2013-11-07

Evil Cassandra Unavailable Exception and a few Solutions

This is a nasty situation when learning cassandra: You have a cassandra cluster up, you try running your clients (server or command line) and nothing seems to work (example from cassandra-cli):

[default@blub] list user;
Using default limit of 100
Using default column limit of 100
null
UnavailableException()
   at org.apache.cassandra.thrift.Cassandra$get_range_slices_result.read(Cassa....

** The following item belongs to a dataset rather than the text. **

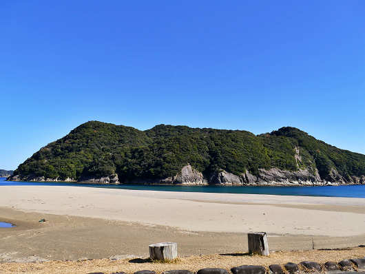 駐車場から眺めた幸島です。幸島は陸地からわずか100mほどのところにあって、砂の堆積によって対岸と陸続きになることもあるそうで、数年前には陸地と繋がった時にボス猿が島を出て、それ以降行方不明になったと新聞に載っていました。

Basically the reason is that your query's consistency level cannot be satisfied by the cassandra cluster. Couple of fixes, depending on your situation:

  1. If your configured replication factor is 1 or your cluster has too few nodes: Use a lower consistency level. Test in cassandra-cli:
    [default@blub] consistencylevel as one;
    Consistency level is set to 'ONE'.

  2. If you started with a single node and recently added another, or you had to replace a node, or you changed the replication factor: Run repair on the node(s):
    apache-cassandra-1.2.5$ ./bin/nodetool -h localhost repair -l
    [2013-11-07 11:09:04,369] Starting repair command #1, repairing 1 ranges for keyspace blub
    [2013-11-07 11:09:04,376] Repair command #1 finished
    [2013-11-07 11:09:04,387] Nothing to repair for keyspace 'system'
    [2013-11-07 11:09:04,393] Starting repair command #2, repairing 1 ranges for keyspace system_auth
    [2013-11-07 11:09:04,394] Repair command #2 finished
    [2013-11-07 11:09:04,402] Nothing to repair for keyspace 'system_traces'

  3. If you run with
    org.apache.cassandra.locator.NetworkTopologyStrategy and multiple data centers: Careful with consistency level QUORUM: In my experience it requires quorums in all data centers! So if you have a data center with replication set to 1 you will always get UnavailableException:
    CREATE KEYSPACE vcodeks     with placement_strategy = 'org.apache.cassandra.locator.NetworkTopologyStrategy'
        strategy_options = {dc1:2, dc2:1};

    In this case it is better to use consistency level TWO. If you only care about one data center you might be happy with LOCAL_QUORUM if you configure all your client's DCs. But be aware that in the upper example LOCAL_QUORUM clients with dc set to dc1 won't be available if only one node in dc1 failed, even though you have a combined 3 replicas over all.